As far as I know all distros keep the microcode for both AMD and Intel in the kernel. They don't offer a kernel version for AMD CPUs and another version for Intel. And there's enough driver support in the kernel to boot into a DE no matter your GPU. From there on you're on your own depending on what drivers and GPU you have installed.

  "If you have installed the bootloader correctly, it should work on any system without interfering with Windows MBR"

EDIT: the following only applies if you install grub on your Windows hard drive.

Actually, grub2 completely overrides the MBR. After it boots your machine it can hand over control to the proprietary Windows bootloader (it's called chainloading), but it's grub who does the actual booting. If you do a Windows update that messes with the Windows bootloader you can find yourself with the MBR overwritten by Windows and unable to boot into linux (Microsoft are selfish bastards with no respect for people's right to choose).

This might be true for games, but that's because those games are written specifically to be limited to the commercial software console of MS-Windows. Like a lot of games are hardware console exclusives, a lot of games are also software console (MS-Windows) exclusives. The thing is, that open source development has cracked this open much more than the commercial software manufacturers like, and that's the reason why the Microsoft software console is not the primary gaming platform any more, but rather the hardware consoles have become the primary x86 gaming platforms. The primary gaming platform over all these days however is linux, with the Android games, which have grown enormously and are now the most played games overall, and there is no reason at all why one would not install an Android-x86 lxc next to a Steam Client for x86 lxc on a GNU/Linux install of choice on a desktop PC to cover most of the gaming offerings. If you add those two linux gaming platforms, plus the entire hardware console emulation offerings which work great on Linux, you're already having a much greater portfolio than you could ever have on any MS-Windows install, at a much greater performance. The people that don't see this, are just not opening their eyes to reality. MS-Windows gaming is rapidly becoming a niche market, a specific software console with a limited offering in terms of gaming. I agree that it's a solid offering, because there happens to be a lot of commercial foul play, for instance by Valve, which insists on nerfing typical PC games like CS:GO on Linux, so that the preferred platform there remains the Microsoft software console, and those games are really important to the PC gaming market, but besides that, most modern games are targeted towards hardware consoles, not software consoles, and those games are then ported to software consoles, and run just as shitty on the Microsoft software console as on the Valve Linux software console (SteamOS).

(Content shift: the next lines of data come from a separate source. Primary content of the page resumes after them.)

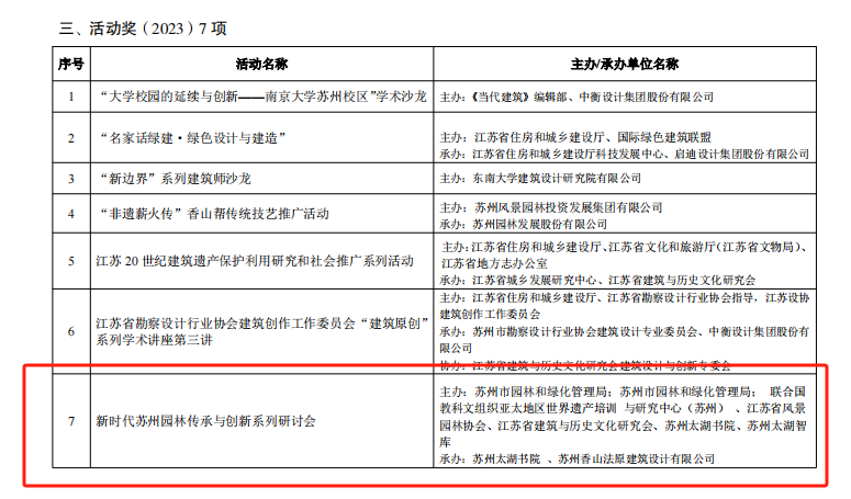 在此次優(yōu)秀成果評(píng)選中,蘇州太湖書(shū)院、蘇州太湖智庫(kù)、蘇州香山法原建筑設(shè)計(jì)有限公司聯(lián)合申報(bào)的“新時(shí)代蘇州園林承傳與創(chuàng)新系列研討會(huì)”榮獲“活動(dòng)獎(jiǎng)”。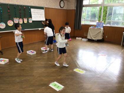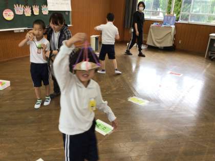 お祝いの後はみんなで楽しくゲームをしています。今回はボールを速く運ぶゲームをしました。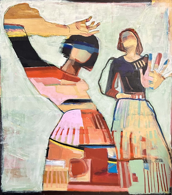 - Il dipinto presenta un'armoniosa miscela di tonalità multicolori, tra cui spiccano i rossi, i blu e gli arancioni, su uno sfondo sottile.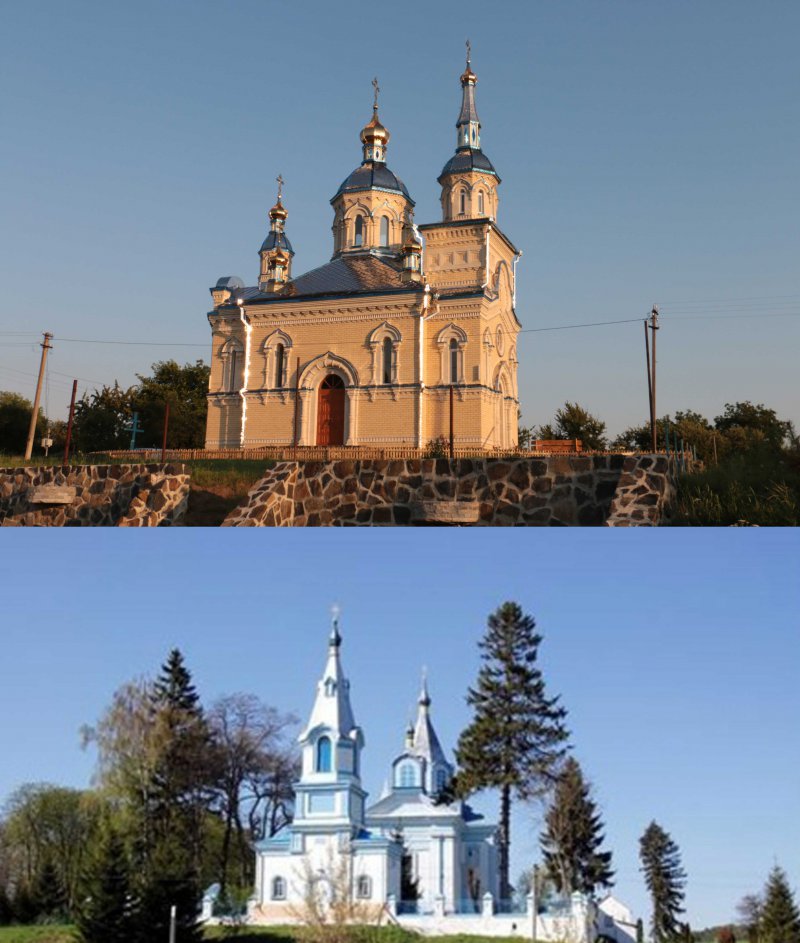 На фото з архіву та Романа УСТИМЧУКА: церква в с. Верхівка$ храм у с. Воротнів.

The argument that nVidia cards still run better in MS-Windows is becoming ever less useful, because the fact of the matter is that Maxwell-based nVidia GPU's just don't work well anywhere, that is, they work pretty well for Windows games, but they don't work at all for either CUDA or OpenCL acceleration, even on MS-Windows. nVidia just doesn't seem to care much about any platform, because their Linux-only platforms, the Tegra chips, have a lot of problems also, nothing just works as advertised with nVidia.

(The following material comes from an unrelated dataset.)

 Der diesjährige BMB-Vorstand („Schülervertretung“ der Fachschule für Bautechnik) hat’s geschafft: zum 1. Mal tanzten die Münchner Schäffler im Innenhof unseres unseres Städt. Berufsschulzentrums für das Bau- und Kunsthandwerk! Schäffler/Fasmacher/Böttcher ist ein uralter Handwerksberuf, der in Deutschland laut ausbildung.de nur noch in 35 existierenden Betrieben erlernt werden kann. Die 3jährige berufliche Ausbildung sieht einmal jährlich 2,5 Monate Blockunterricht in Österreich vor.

The big advantage of gaming in Linux, is that both Intel and AMD GPU's work perfectly fine with open source graphics drivers (the drivers that are present by default, so no driver has to be installed), and if someone would need what little extra performance Catalyst can still offer, on bleeding edge distros, the kernel modules for AMD are now also open source, so no more binary blobs, kernel mode switching, no more SELinux exceptions, and no more proprietary closed source code outside of user space. And this is another reason to skip on SteamOS, but rather to install the Steam client (in an lxc of course) on a bleeding edge "normal" distro installation.